**Input material**
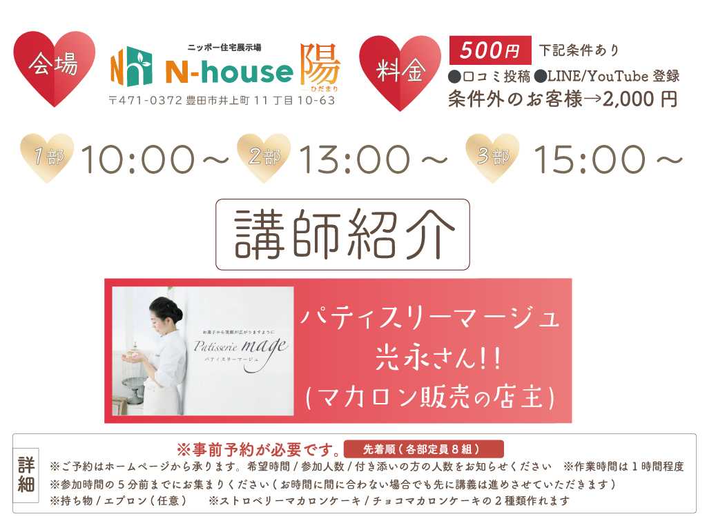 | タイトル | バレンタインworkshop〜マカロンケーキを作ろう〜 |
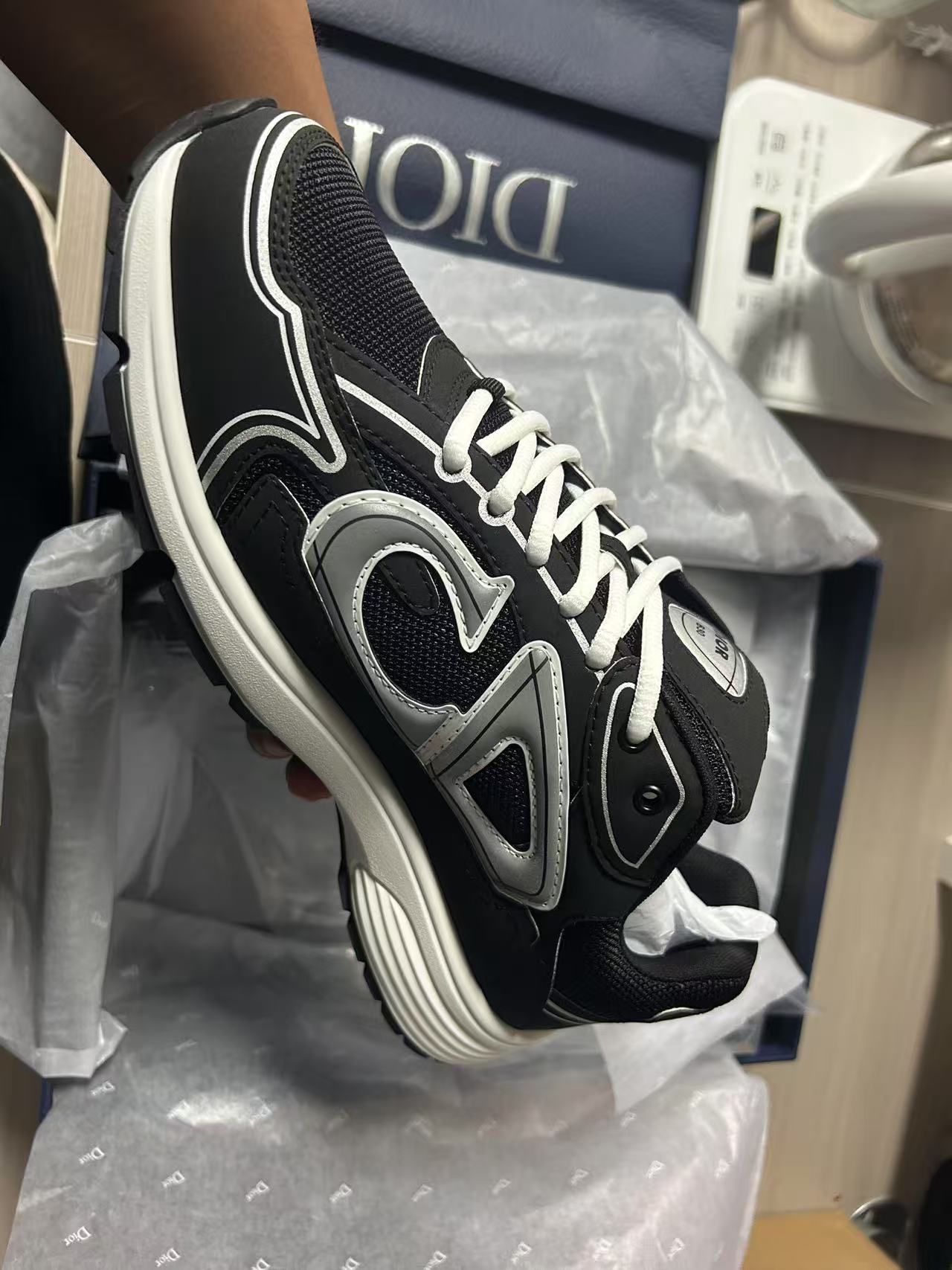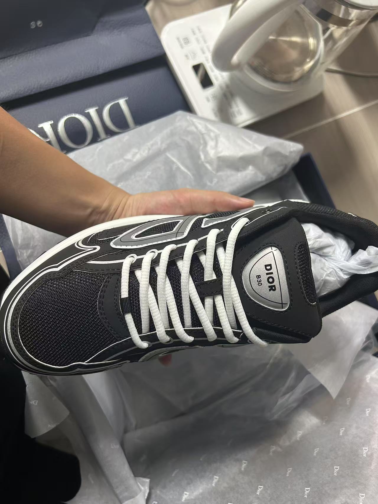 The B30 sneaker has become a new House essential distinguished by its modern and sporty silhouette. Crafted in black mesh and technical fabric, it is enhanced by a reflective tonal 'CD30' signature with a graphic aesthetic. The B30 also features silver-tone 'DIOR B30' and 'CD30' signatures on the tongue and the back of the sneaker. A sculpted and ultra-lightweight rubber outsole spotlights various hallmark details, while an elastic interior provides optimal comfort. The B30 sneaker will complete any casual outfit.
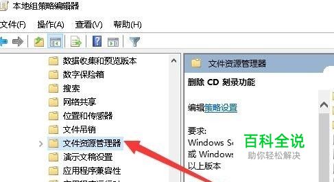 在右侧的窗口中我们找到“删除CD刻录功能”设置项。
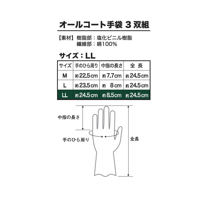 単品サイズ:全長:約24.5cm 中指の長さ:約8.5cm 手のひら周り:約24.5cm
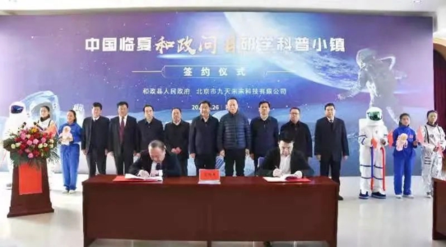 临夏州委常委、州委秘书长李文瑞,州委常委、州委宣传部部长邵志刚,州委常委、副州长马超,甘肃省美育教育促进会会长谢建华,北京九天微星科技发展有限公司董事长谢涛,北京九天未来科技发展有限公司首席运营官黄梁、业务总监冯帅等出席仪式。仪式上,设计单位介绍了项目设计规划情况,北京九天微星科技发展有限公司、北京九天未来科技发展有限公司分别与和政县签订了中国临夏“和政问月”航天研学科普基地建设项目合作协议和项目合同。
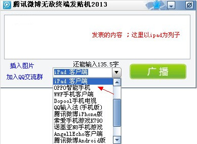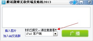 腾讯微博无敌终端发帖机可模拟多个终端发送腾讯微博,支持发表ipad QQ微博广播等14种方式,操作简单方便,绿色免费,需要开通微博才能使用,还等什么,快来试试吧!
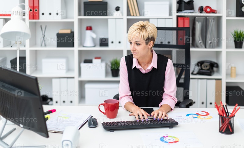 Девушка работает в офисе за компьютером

**Work order**
For this exercise, copy the entries above exactly and skip any picture.

**Result**
 | タイトル | バレンタインworkshop〜マカロンケーキを作ろう〜 |
 The B30 sneaker has become a new House essential distinguished by its modern and sporty silhouette. Crafted in black mesh and technical fabric, it is enhanced by a reflective tonal 'CD30' signature with a graphic aesthetic. The B30 also features silver-tone 'DIOR B30' and 'CD30' signatures on the tongue and the back of the sneaker. A sculpted and ultra-lightweight rubber outsole spotlights various hallmark details, while an elastic interior provides optimal comfort. The B30 sneaker will complete any casual outfit.
 在右侧的窗口中我们找到“删除CD刻录功能”设置项。
 単品サイズ:全長:約24.5cm 中指の長さ:約8.5cm 手のひら周り:約24.5cm
 临夏州委常委、州委秘书长李文瑞,州委常委、州委宣传部部长邵志刚,州委常委、副州长马超,甘肃省美育教育促进会会长谢建华,北京九天微星科技发展有限公司董事长谢涛,北京九天未来科技发展有限公司首席运营官黄梁、业务总监冯帅等出席仪式。仪式上,设计单位介绍了项目设计规划情况,北京九天微星科技发展有限公司、北京九天未来科技发展有限公司分别与和政县签订了中国临夏“和政问月”航天研学科普基地建设项目合作协议和项目合同。
 腾讯微博无敌终端发帖机可模拟多个终端发送腾讯微博,支持发表ipad QQ微博广播等14种方式,操作简单方便,绿色免费,需要开通微博才能使用,还等什么,快来试试吧!
 Девушка работает в офисе за компьютером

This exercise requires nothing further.